Adam Sypniewski: So the idea, and you're talking about higher and higher levels of abstraction, no code. What do they do that they do? They fundamentally let you focus on your business problem and not on the procedural problem that you need to solve. And that's the advantage of having abstraction layers. It's why we build them. Even in code, we build abstraction layers because we don't want to repeat ourselves in code. We don't want to have to manage the same state in 10 different places. We want to be able to focus on the deep problem.
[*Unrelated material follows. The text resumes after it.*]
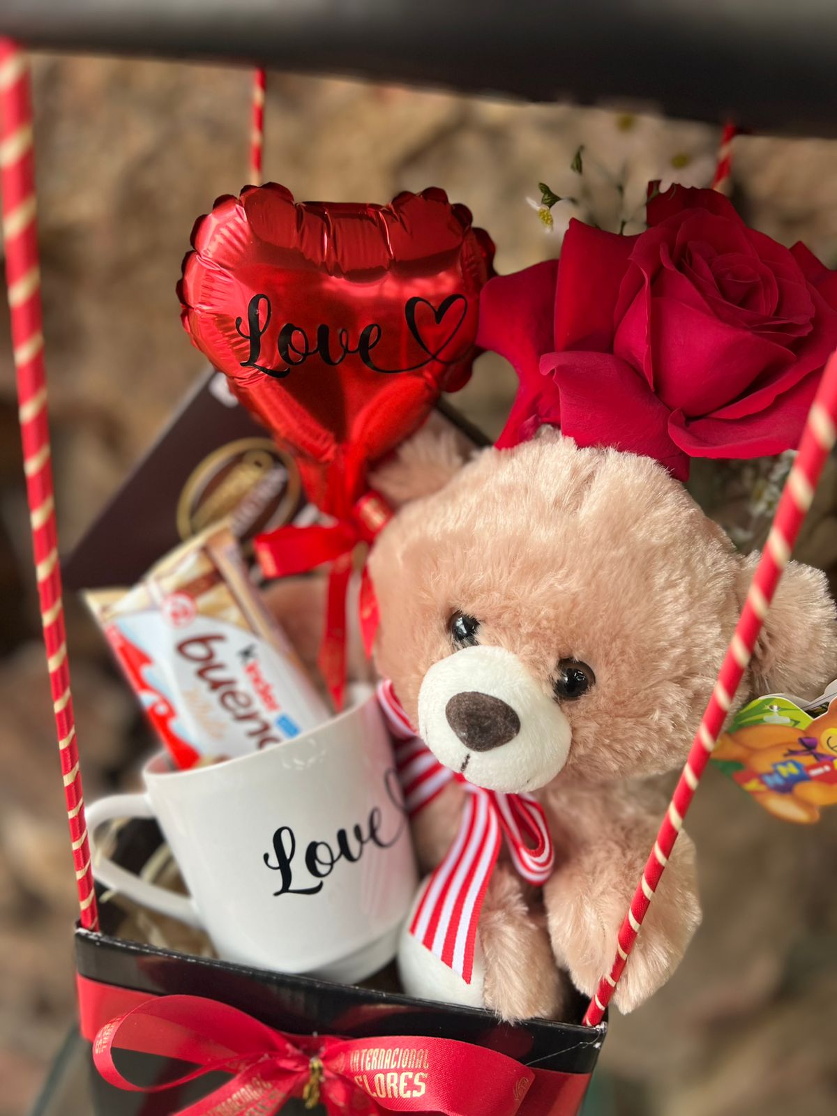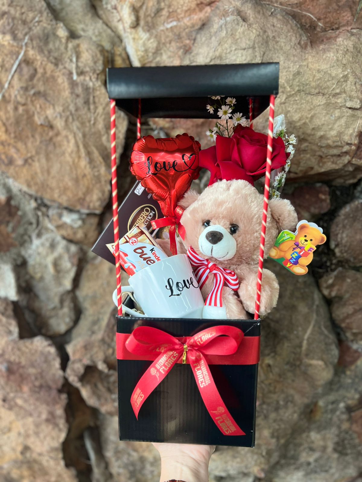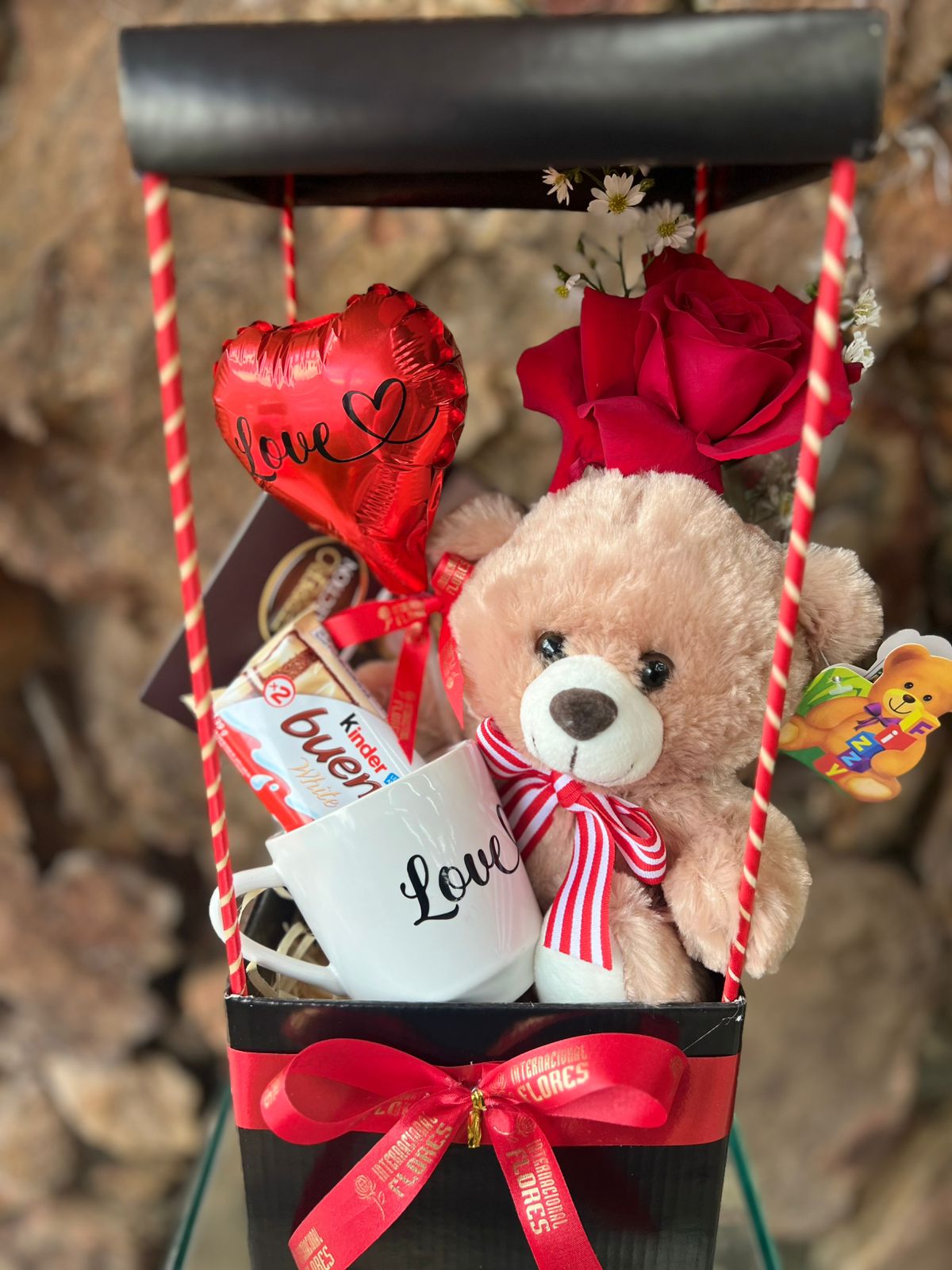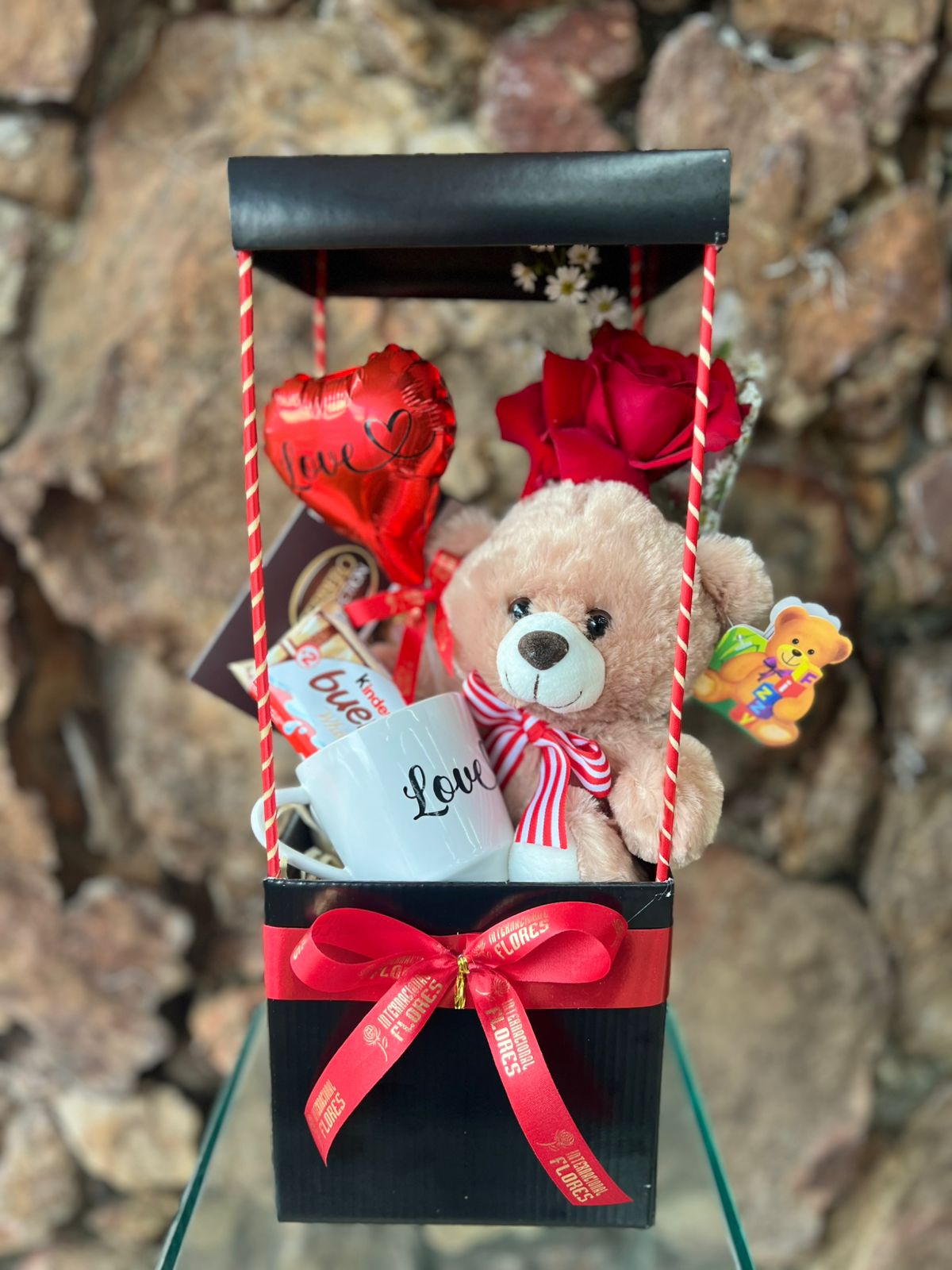 Box quadrada formato casinha acompanha Chocolate Ferrero Rocher Collection T7, Chocolate Kinder Bueno, Caneca porcelana com adesivo “Love”, ursinho Pelúcia, Balão 05” adesivo “Love” e uma Rosa Colombiana para presente.

So Rust is still a systems kind of language. Yeah, you can build video games with it too, which is awesome, but a systems language like C, C++ are so you can ask reasonably how much abstraction can you really get out of that. And so it's just a different kind of abstraction. Now, the compiler is telling you, "No, no, look at the world differently. This is the way that computers actually work. You're thinking about it wrong if you want to write in C because you're going to make these mistakes. Let's apply a layer of abstraction that we will enforce at the compiler level and let you up around that level." So it's still a systems language, but it is still a type of abstraction that lets you focus on your business problem and less on juggling and state keeping.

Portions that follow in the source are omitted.